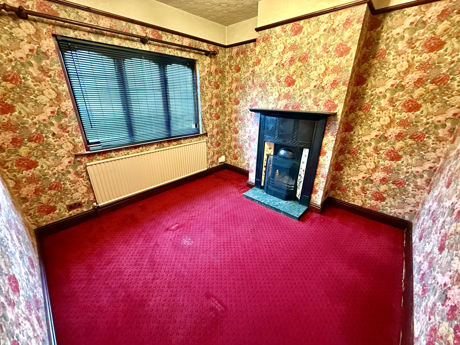 Double glazed leaded hardwood window to the front, single central heating radiator, period style feature fire place housing an open coal grade fire and picture rail.
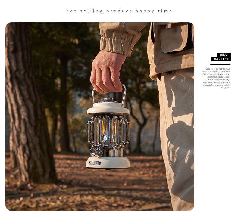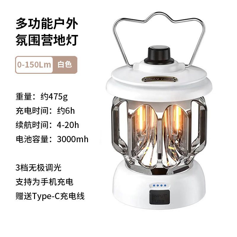 • 캠핑 레트로 램프 - 아이보리 화이트 [충전식 버전] 긴 배터리 수명/무단계 디밍
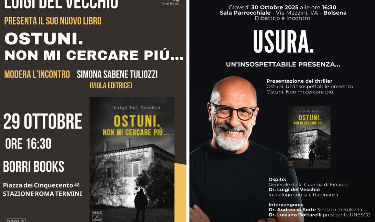 Il giorno successivo, giovedì 30 ottobre 2025, alle ore 16:30, a Bolsena, presso la Sala Parrocchiale di Via Mazzini 1/A, la fantasia e i thriller di Luigi Del Vecchio saranno il tema del convegno “Usura. Un’insospettabile presenza”. Un incontro pubblico dedicato al tema dell’usura e del sovraindebitamento, fenomeni dalle origini antiche e che rappresentano oggi una vera e propria emergenza sociale.
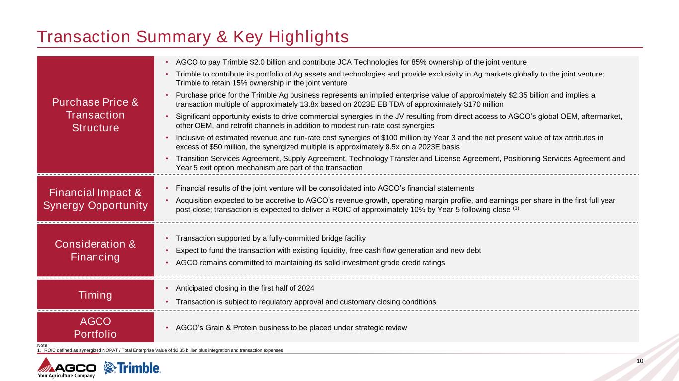 9 Joint Venture Growth is Magnified via AGCO’s Three Distinct Customer Channels Leveraging the Power of AGCO’s Global Channel Access AGCO Channels Description OE-FUSE OEM • Large, multi-location dealerships focused on sales of new equipment with factory-installed technology Aftermarket • Dealer-installed technology solutions that enable recurring touchpoints with the farmer for mixed and aging fleets Precision Planting Retrofit • Small-to-medium size dealers that sell multiple products and services and serve as trusted advisors to farmers AGCO’s multi- channel access will drive outsized growth for the joint venture Will provide access to next-generation technologies to even more farmers around the world Key lever for the joint venture to achieve ~2x EBITDA growth by Year 5 Joint Venture Trimble Ag Channels Description Trimble OEM OEM • Partnerships with large, multi-location equipment manufacturers • Includes Mueller and Bilberry Trimble Aftermarket Vantage • Value-added resellers and distributors that provide the full Trimble Ag portfolio to retail outlets and farmers Retail Outlets • Small-to-medium size, strategically-located, dealers
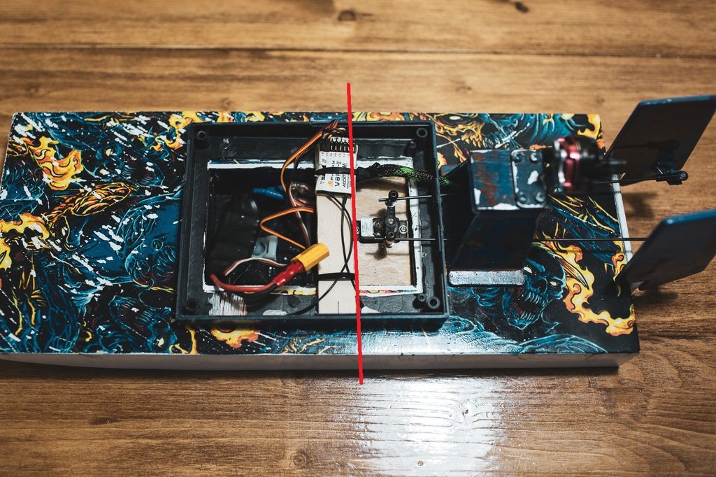 SC mam mniej więcej w miejscu półki na nadajnik Sugerujesz abym zastosował śmigło ciągnące i zmienił kierunek obrotów silnika? Myślałem o tym, jednak nie znalazłem logicznego wytłumaczenia, czemu miał bym to zrobić Nie sprawdzałem dokładnie, ile mm zanurza się łódka. Na oko to jakieś 1/4 wysokości burty. -
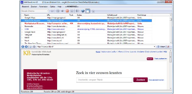 Na de browserkeuze toont het programma de lijst met favorieten. Met een druk op de knop Favorieten controleren, controleert het programma alle websites en laat het zien welke weblinks helemaal nergens meer op uitkomen, welke doorverwijzen (en of deze doorverwijzing correct is) en welke weblinks wel correct werken.
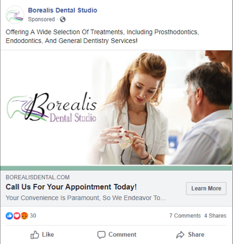 Borealis Dental Studio contacted us to design a dental office marketing campaign using dentist postcards and Google ads to attract more new prospective patients for their family-owned practice.
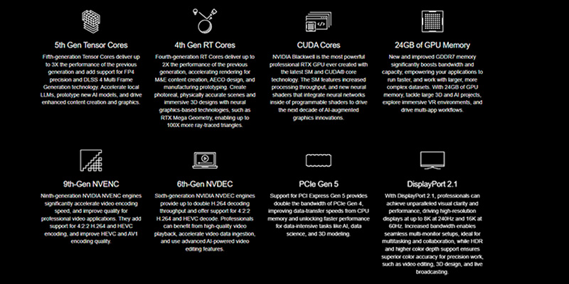 Card đồ họa máy trạm VGA Leadtek NVIDIA QUADRO RTX PRO 4000 Blackwell 24GB GDDR7 đánh dấu một bước nhảy vọt về hiệu suất nhờ được xây dựng trên nền tảng kiến trúc NVIDIA Blackwell thế hệ mới nhất. Sở hữu tới 8960 nhân CUDA, cỗ máy này mang lại khả năng tính toán đồ họa và xử lý song song ở đẳng cấp hoàn toàn khác biệt. Đặc biệt, với sự hỗ trợ của các nhân Tensor thế hệ mới, card cung cấp sức mạnh trí tuệ nhân tạo (AI) tổng thể lên tới 1247 TOPS, giúp tăng tốc triệt để các tác vụ deep learning, render 3D theo thời gian thực và các phần mềm ứng dụng AI tạo sinh phức tạp nhất của giới sáng tạo chuyên nghiệp.
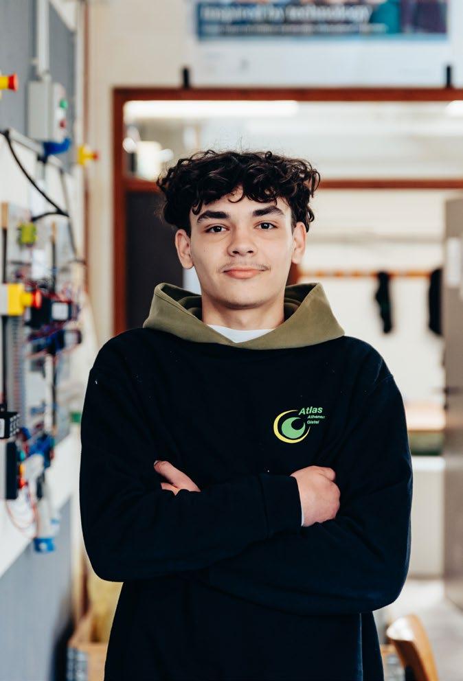 “In het eerste jaar deed ik ASO STEM en kwam ik in contact met elektriciteit. Als eindopdracht van het 2de jaar liet ik een autootje rijden op elektriciteit, en toen wist ik dat ik dat meer wilde doen. Sinds het 3de jaar volg ik elektrotechniek.

# WHAT IS NEEDED
Your task is an exact printout of the records above, with no pictures.

# RESULT
 Double glazed leaded hardwood window to the front, single central heating radiator, period style feature fire place housing an open coal grade fire and picture rail.
 • 캠핑 레트로 램프 - 아이보리 화이트 [충전식 버전] 긴 배터리 수명/무단계 디밍
 Il giorno successivo, giovedì 30 ottobre 2025, alle ore 16:30, a Bolsena, presso la Sala Parrocchiale di Via Mazzini 1/A, la fantasia e i thriller di Luigi Del Vecchio saranno il tema del convegno “Usura. Un’insospettabile presenza”. Un incontro pubblico dedicato al tema dell’usura e del sovraindebitamento, fenomeni dalle origini antiche e che rappresentano oggi una vera e propria emergenza sociale.
 9 Joint Venture Growth is Magnified via AGCO’s Three Distinct Customer Channels Leveraging the Power of AGCO’s Global Channel Access AGCO Channels Description OE-FUSE OEM • Large, multi-location dealerships focused on sales of new equipment with factory-installed technology Aftermarket • Dealer-installed technology solutions that enable recurring touchpoints with the farmer for mixed and aging fleets Precision Planting Retrofit • Small-to-medium size dealers that sell multiple products and services and serve as trusted advisors to farmers AGCO’s multi- channel access will drive outsized growth for the joint venture Will provide access to next-generation technologies to even more farmers around the world Key lever for the joint venture to achieve ~2x EBITDA growth by Year 5 Joint Venture Trimble Ag Channels Description Trimble OEM OEM • Partnerships with large, multi-location equipment manufacturers • Includes Mueller and Bilberry Trimble Aftermarket Vantage • Value-added resellers and distributors that provide the full Trimble Ag portfolio to retail outlets and farmers Retail Outlets • Small-to-medium size, strategically-located, dealers
 SC mam mniej więcej w miejscu półki na nadajnik Sugerujesz abym zastosował śmigło ciągnące i zmienił kierunek obrotów silnika? Myślałem o tym, jednak nie znalazłem logicznego wytłumaczenia, czemu miał bym to zrobić Nie sprawdzałem dokładnie, ile mm zanurza się łódka. Na oko to jakieś 1/4 wysokości burty. -
 Na de browserkeuze toont het programma de lijst met favorieten. Met een druk op de knop Favorieten controleren, controleert het programma alle websites en laat het zien welke weblinks helemaal nergens meer op uitkomen, welke doorverwijzen (en of deze doorverwijzing correct is) en welke weblinks wel correct werken.
 Borealis Dental Studio contacted us to design a dental office marketing campaign using dentist postcards and Google ads to attract more new prospective patients for their family-owned practice.
 Card đồ họa máy trạm VGA Leadtek NVIDIA QUADRO RTX PRO 4000 Blackwell 24GB GDDR7 đánh dấu một bước nhảy vọt về hiệu suất nhờ được xây dựng trên nền tảng kiến trúc NVIDIA Blackwell thế hệ mới nhất. Sở hữu tới 8960 nhân CUDA, cỗ máy này mang lại khả năng tính toán đồ họa và xử lý song song ở đẳng cấp hoàn toàn khác biệt. Đặc biệt, với sự hỗ trợ của các nhân Tensor thế hệ mới, card cung cấp sức mạnh trí tuệ nhân tạo (AI) tổng thể lên tới 1247 TOPS, giúp tăng tốc triệt để các tác vụ deep learning, render 3D theo thời gian thực và các phần mềm ứng dụng AI tạo sinh phức tạp nhất của giới sáng tạo chuyên nghiệp.
 “In het eerste jaar deed ik ASO STEM en kwam ik in contact met elektriciteit. Als eindopdracht van het 2de jaar liet ik een autootje rijden op elektriciteit, en toen wist ik dat ik dat meer wilde doen. Sinds het 3de jaar volg ik elektrotechniek.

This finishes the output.